Sofort schwang ich meine Waffe weiter und erwischte den Nächsten in die Seite. Gerade hatte dieser zum Schlag ausgeholt, doch er taumelte zurück und kippte hinten über. Kaum lag dieser, griff mich erneut ein Mann an. Dieser hier war zäher. Wir gaben uns einem feurigen Gefecht hin. Seine kräftigen Schläge parierte ich und das Metall sprühte Funken. Ich musste ihn schnellst möglich ausschalten. Meine Gedanken rasten, überlegten fieberhaft nach einer Taktik, doch er war besser als gedacht. Er drängte mich zurück. Sein schmutziges Gesicht war entstellt von einer hässlichen Fratze. Mein Gegner fletschte seine Zähne wie ein Tier, seine Augen loderten und kannten nichts mehr als Zorn und den Krieg. Das Blut und den Tod. Ein blutrünstiges Ungeheuer. Aber das waren wir alle.
Alle, die im Krieg einen nach dem Anderen abschlachteten. Ich nicht weniger, als mein gegenüber.
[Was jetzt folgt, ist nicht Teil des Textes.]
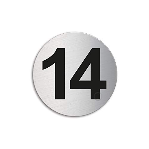 Targhetta Numero 14 | Targa Cartello acciaio inossidabile spazzolato Ø 60 mm autoadesiva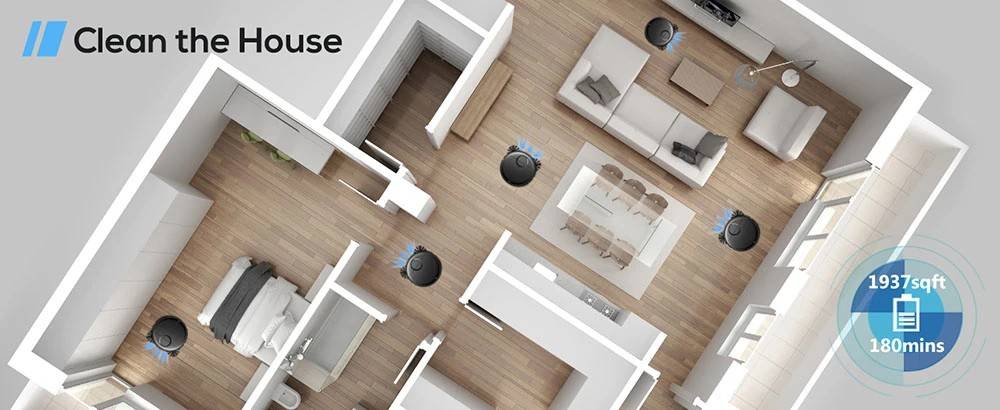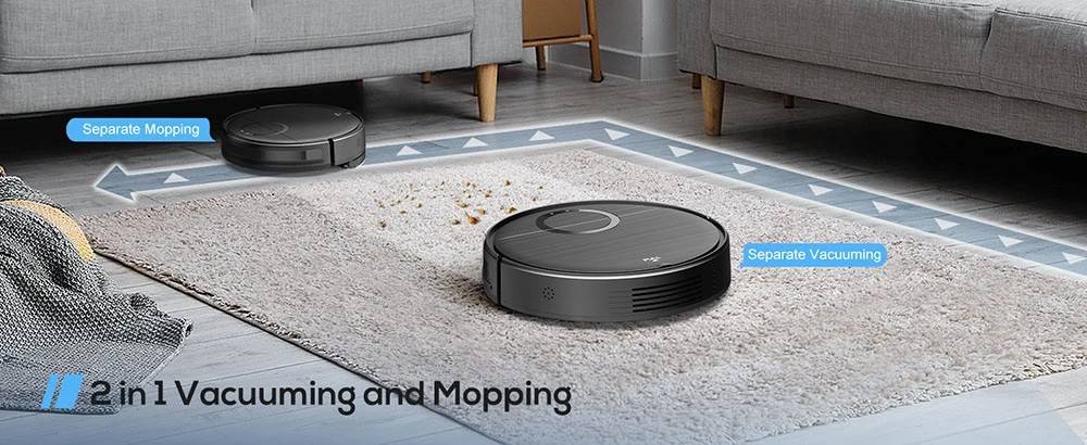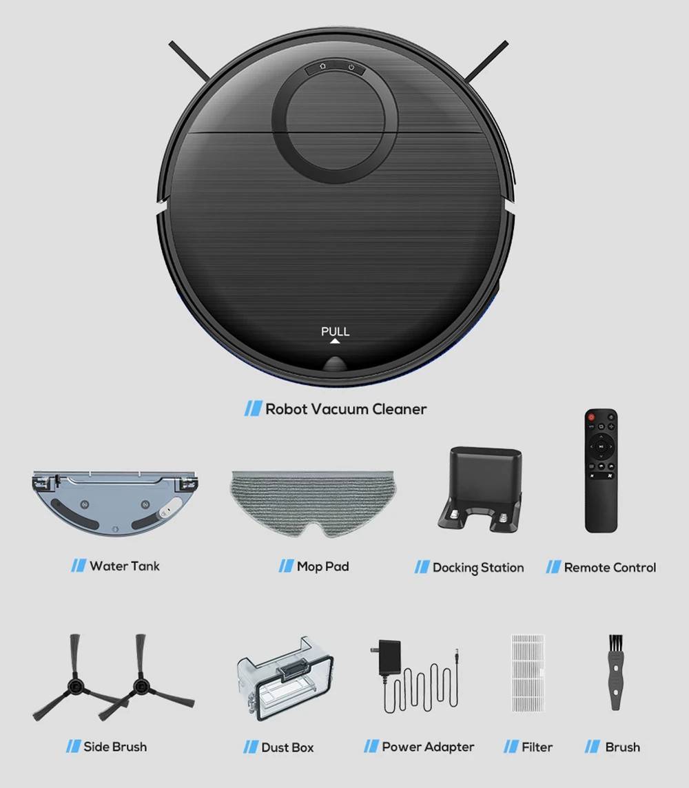 | Package Contents | 1 x Vacuum Cleaner 1 x Remote Control (2 AAA Batteries Included) 1 x Charging Dock 1 x Power Adapter 1 x Water Tank 1 x Dustbin 4 x Side Brushes 1 x Cleaning Brushes 2 x Mop |

Mein Atem ging stoßweise. Rinnsale von Schweiß liefen mir über den Rücken und auch an meinem Gesicht floss es herab. Im nächsten Moment traf mich seine Faust. Meine Maske verrutschte und zeigte mich. Sie verbarg, wer ich wirklich war. Ein Mensch. Sterblich und schwach, genau wie der Mann.
»Verräterin!«, presste er zwischen den Zähnen hervor, »Wieso hilfst du diesen Spitzohr-Bastarden?« Ich schnaubte verächtlich.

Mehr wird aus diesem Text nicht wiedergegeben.